• **Work to complete**
Would you please copy only the lines from the line that contains "王朝霞期末模拟卷六年级上册数学(北师版)_R210805100928【10】" to the end of the data below, exactly, leaving every picture out?

• **Records**
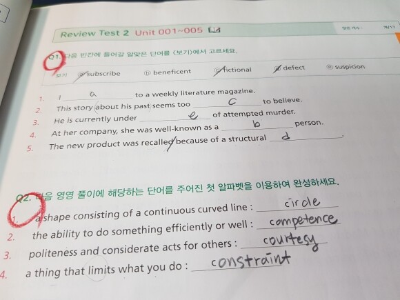 제시된 영단어에 대한 한글 뜻을 영단어를 쓰면서 제대로 외웠는지 확인해 봐요.
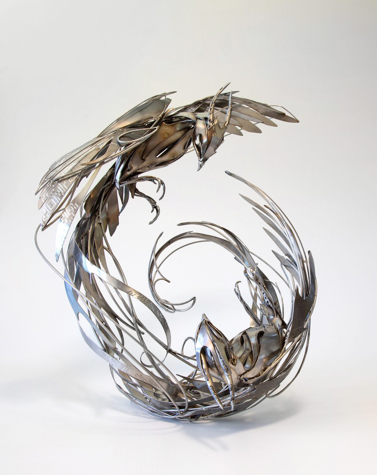 Австралийский скульптор и инсталлятор Джорджи Секкулл создаёт масштабные скульптуры из нержавеющей стали, изображающие животных и других существ, которые, словно находятся в движении. Множество частей, вырезанных из листов металла придают скульптурам органическую форму и позволяют создавать такие детали как перья, чешую, крылья или клешни ракообразных.
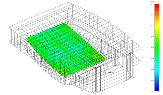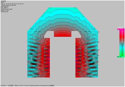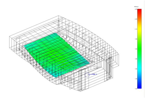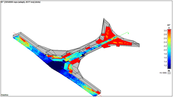模拟显示,中频500Hz混响时间95%以上座席区为1.7-1.9s,达到设计要求。
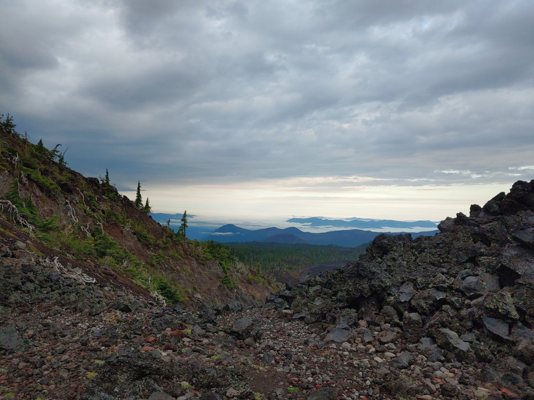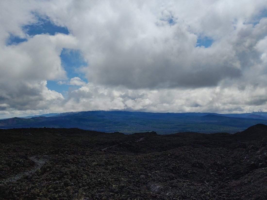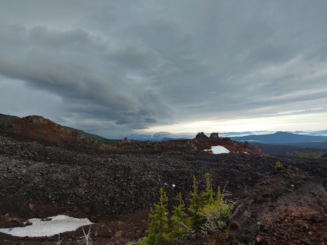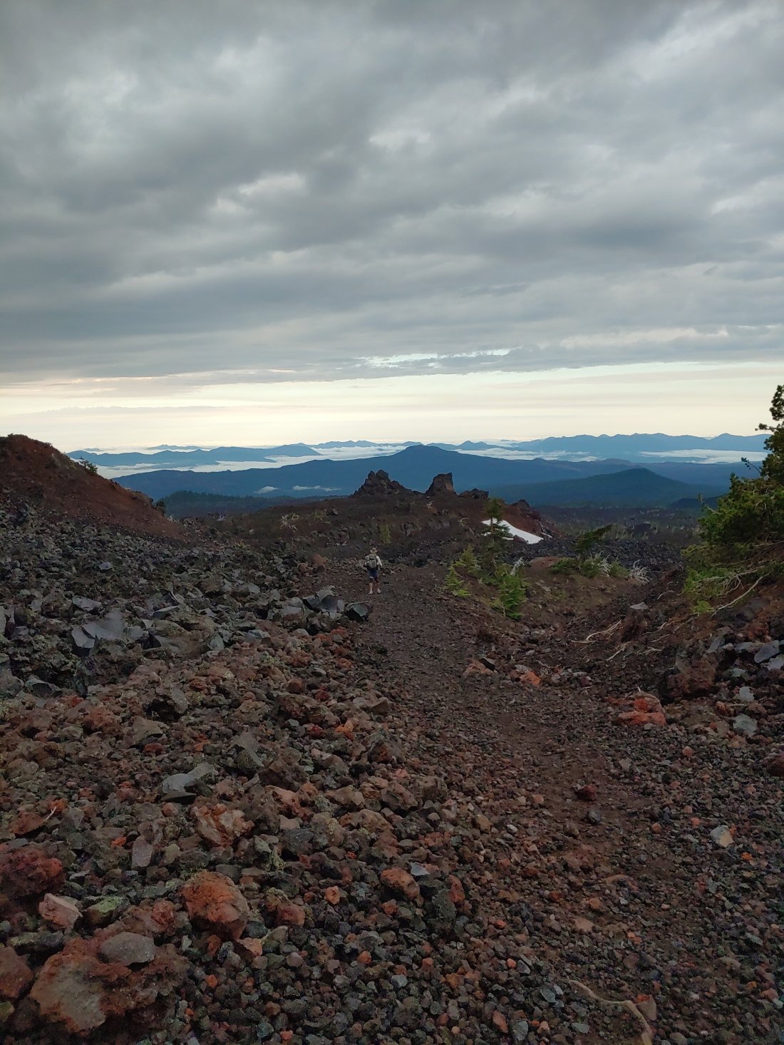 It was pretty wild- one second we were in this green, thriving forest, and the next we were in a dry, barren lava field with no signs of life. As we left the trees Matt turned to admire the drastic contrast, and then he saw the clouds- the dark, scary, end of the world, dementor clouds- I was a few steps behind and he called to me, “Look,” pointing at the sky, “we gotta get moving.” And so we did- we hightailed it up the 2.2 mile, 900foot rocky climb, while I repeated a prayer, “please don’t storm until we get up and over, please don’t storm until we get up and over.” – and it didn’t. And I didn’t even notice if the rocks were rough on the feet ’cause I was so preoccupied!
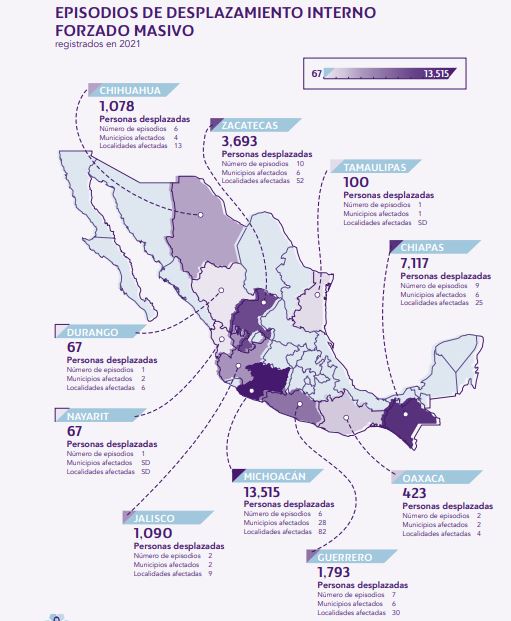 Según informaron, en 2021 se reportaron alrededor de 42 episodios de desplazamiento interno masivo causado por violencia, que equivale a 28 mil 943 personas desplazadas internas. Así mismo, durante este año, se vieron afectadas 10 unidades federativas, 57 municipios y 221 localidades, en donde Michoacán fue el estado con más personas desplazadas internas (13 mil 515)
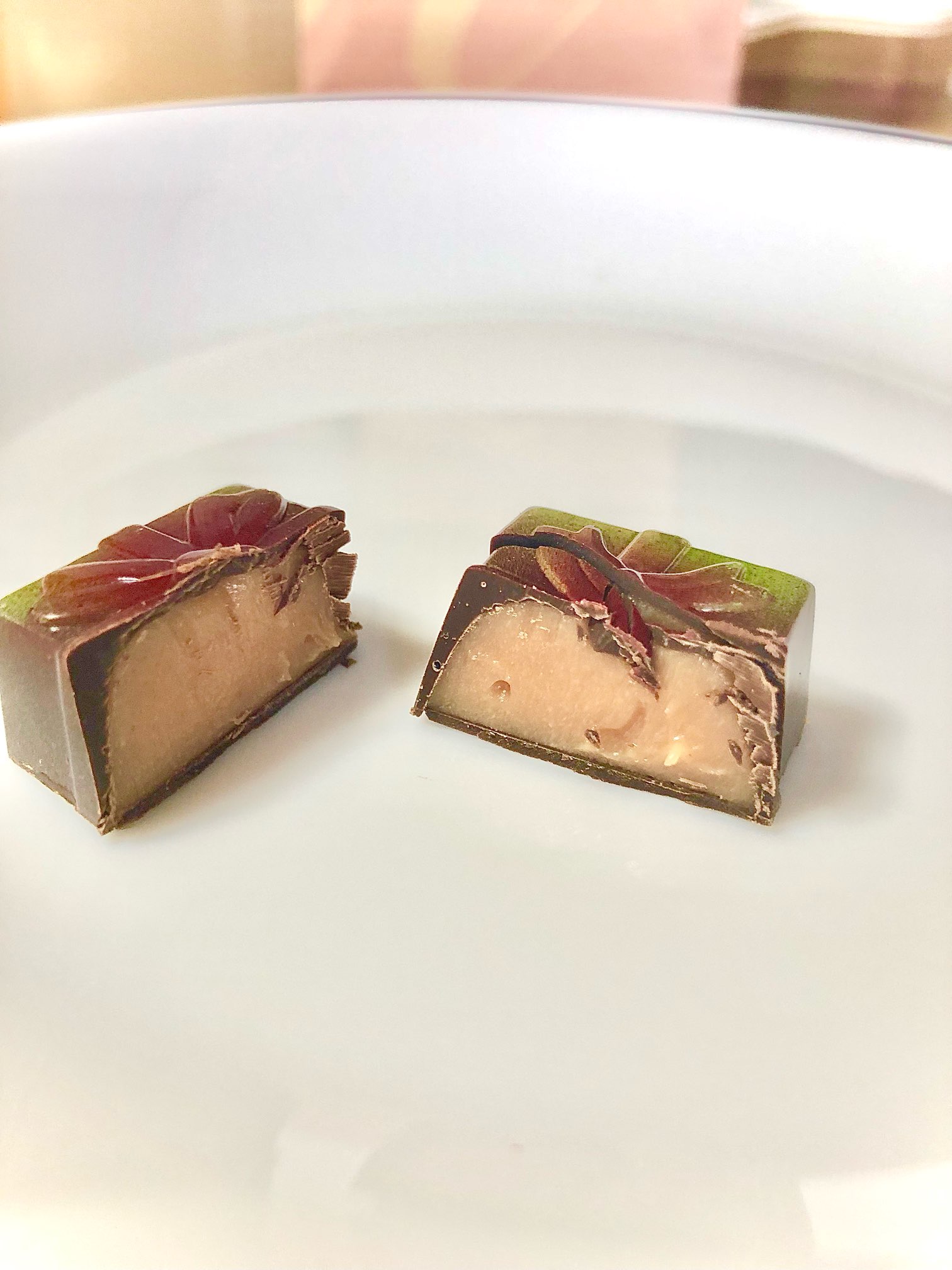 中のピンクのガナッシュはフランボワーズピューレが入っていて爽やかな酸味が感じられました。
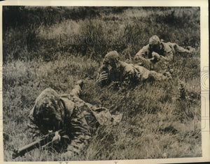 Stalking, woodcraft, and the art of camouflage are 3 of the "new" sciences of modern war now being taught the British Soldier in the preparations to resist invasion. These men, camouflaged to blend in with the terrain over which they operate, are being trained as scouts and snipers.
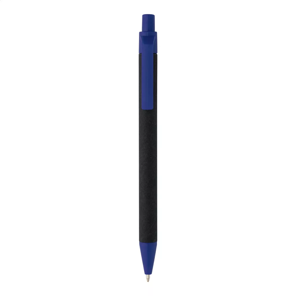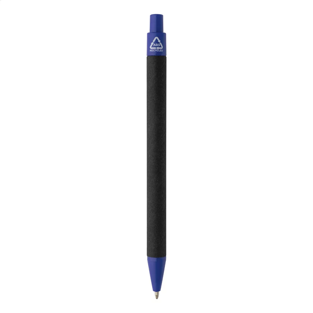 Újrahasznosított papírból készült golyóstoll fekete testtel és újrahasznosított ABS alkatrészekkel. Kék tollbetéttel.
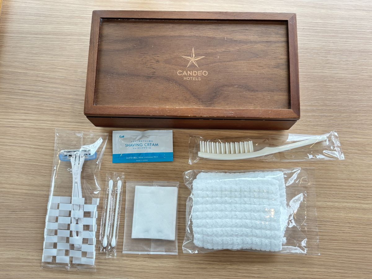 部屋にあるホテルのロゴが刻印されたウッドの箱にはブラシや綿棒、カミソリなどが用意されています。アメニティが充実していると手軽に旅行できるので、うれしいポイントです。
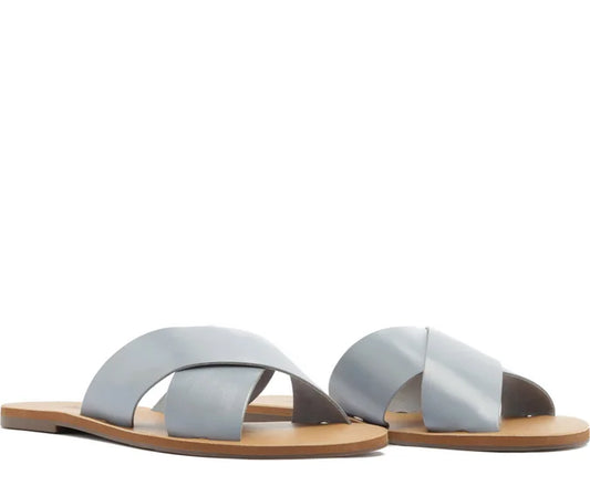 Blue Leather Cross Straps Flats
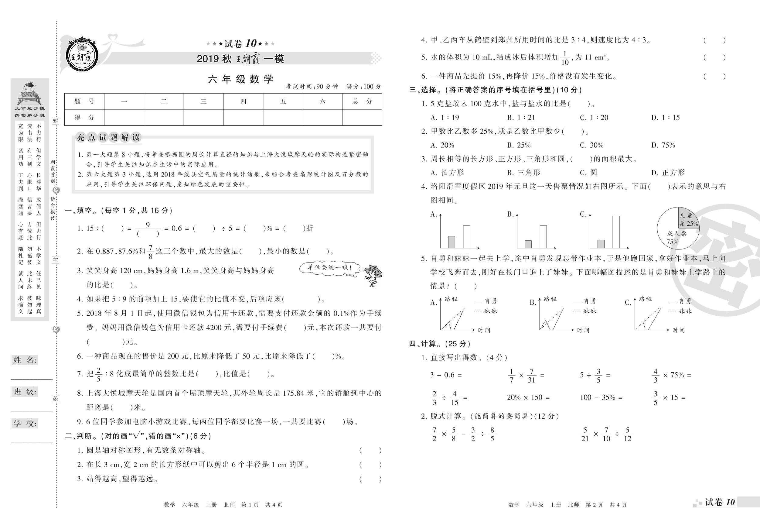 王朝霞期末模拟卷六年级上册数学(北师版)_R210805100928【10】
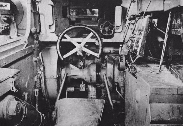 Интерьер немецкого танка Тигр (Panzerkampfwagen VI Tiger) изнутри, место водителя. 1943 год. Вентиль рядом с прибором наблюдения предназначен для подъёма и опускания броневой заслонки.
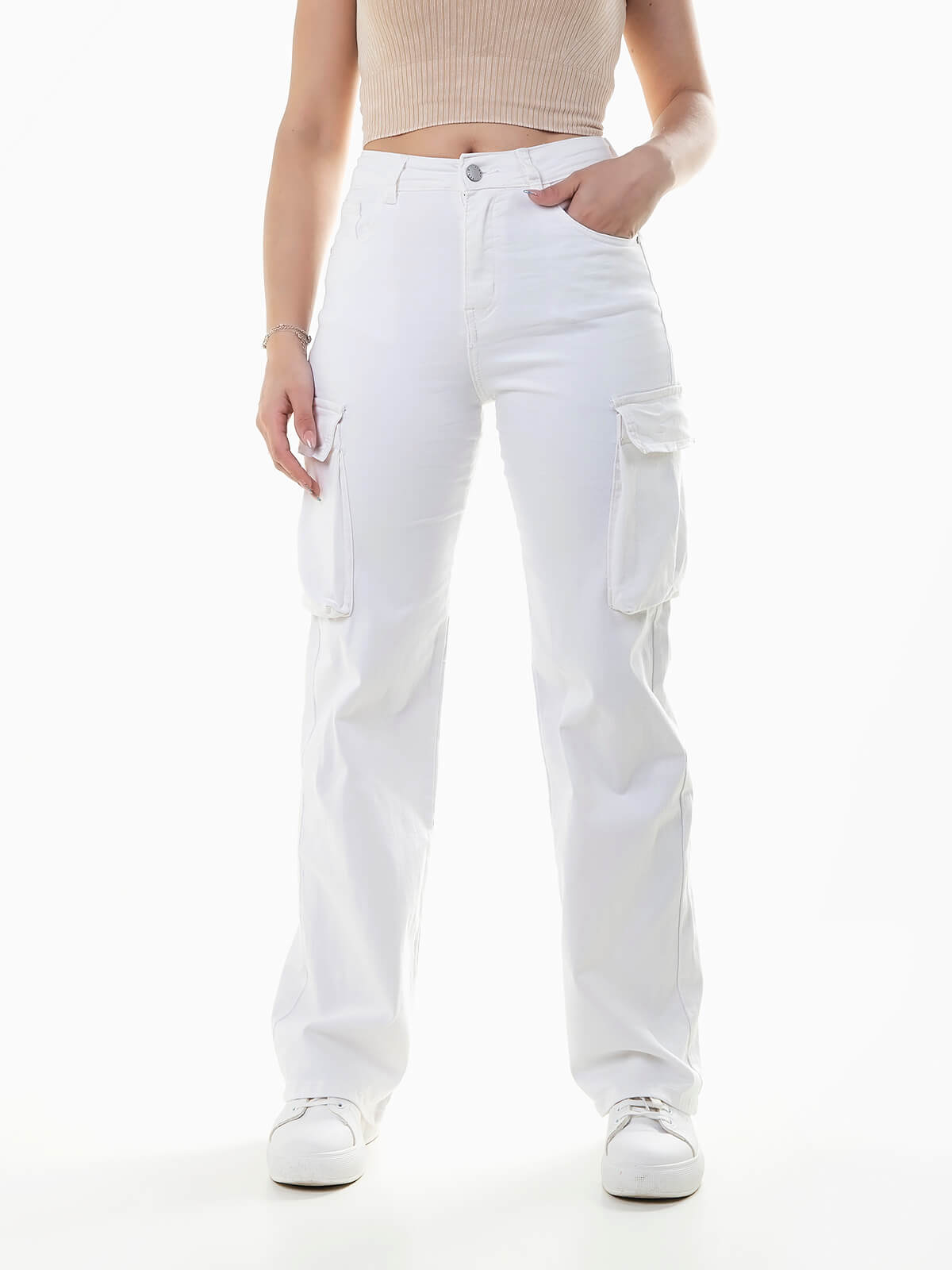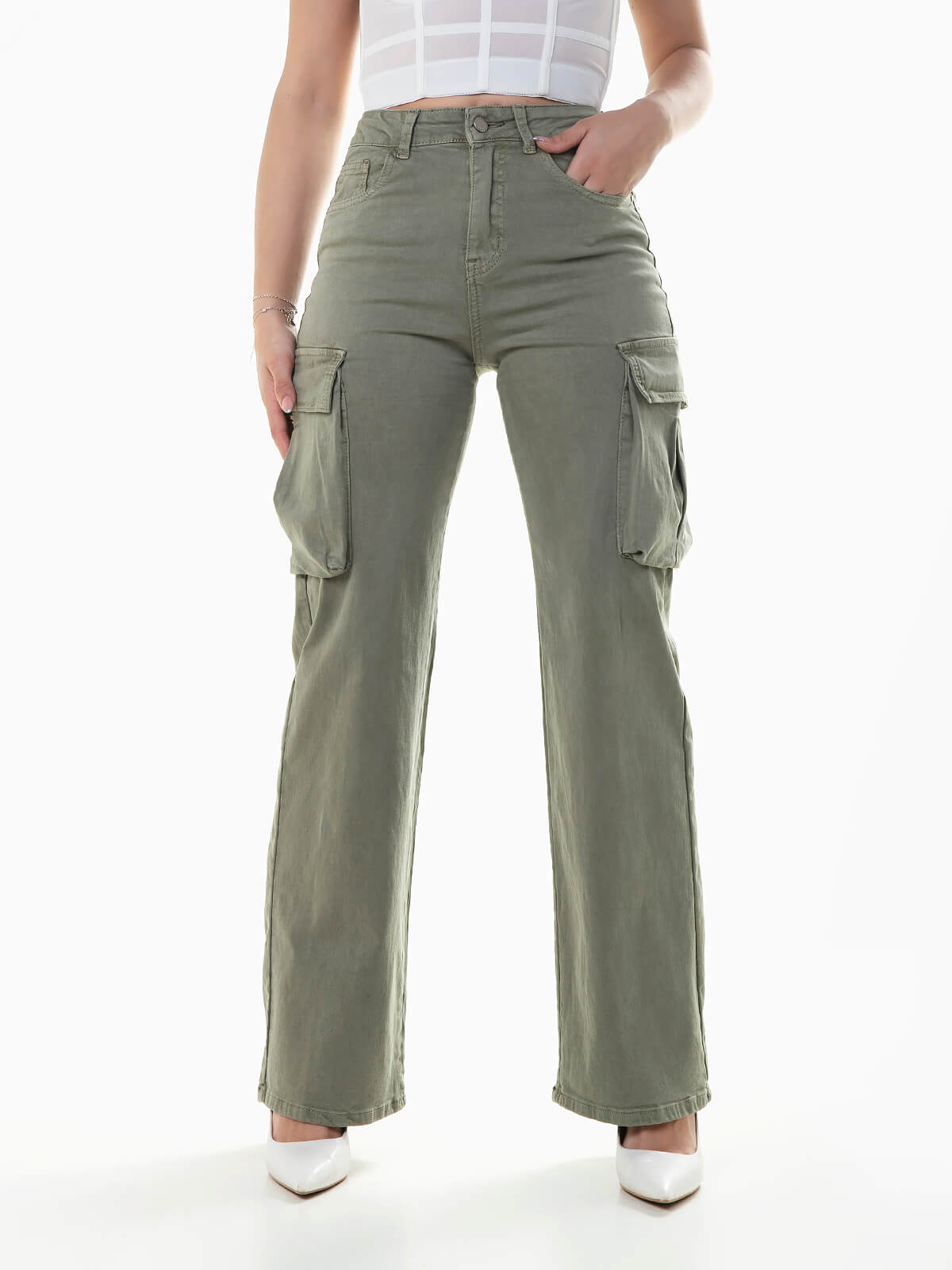 Calças ganga straight fit estilo cargo para senhora. Jeans elásticas de cintura alta com 7 bolsos. Aperto de fecho zíper e botão.

• **Answer to this task**
 王朝霞期末模拟卷六年级上册数学(北师版)_R210805100928【10】
 Интерьер немецкого танка Тигр (Panzerkampfwagen VI Tiger) изнутри, место водителя. 1943 год. Вентиль рядом с прибором наблюдения предназначен для подъёма и опускания броневой заслонки.
 Calças ganga straight fit estilo cargo para senhora. Jeans elásticas de cintura alta com 7 bolsos. Aperto de fecho zíper e botão.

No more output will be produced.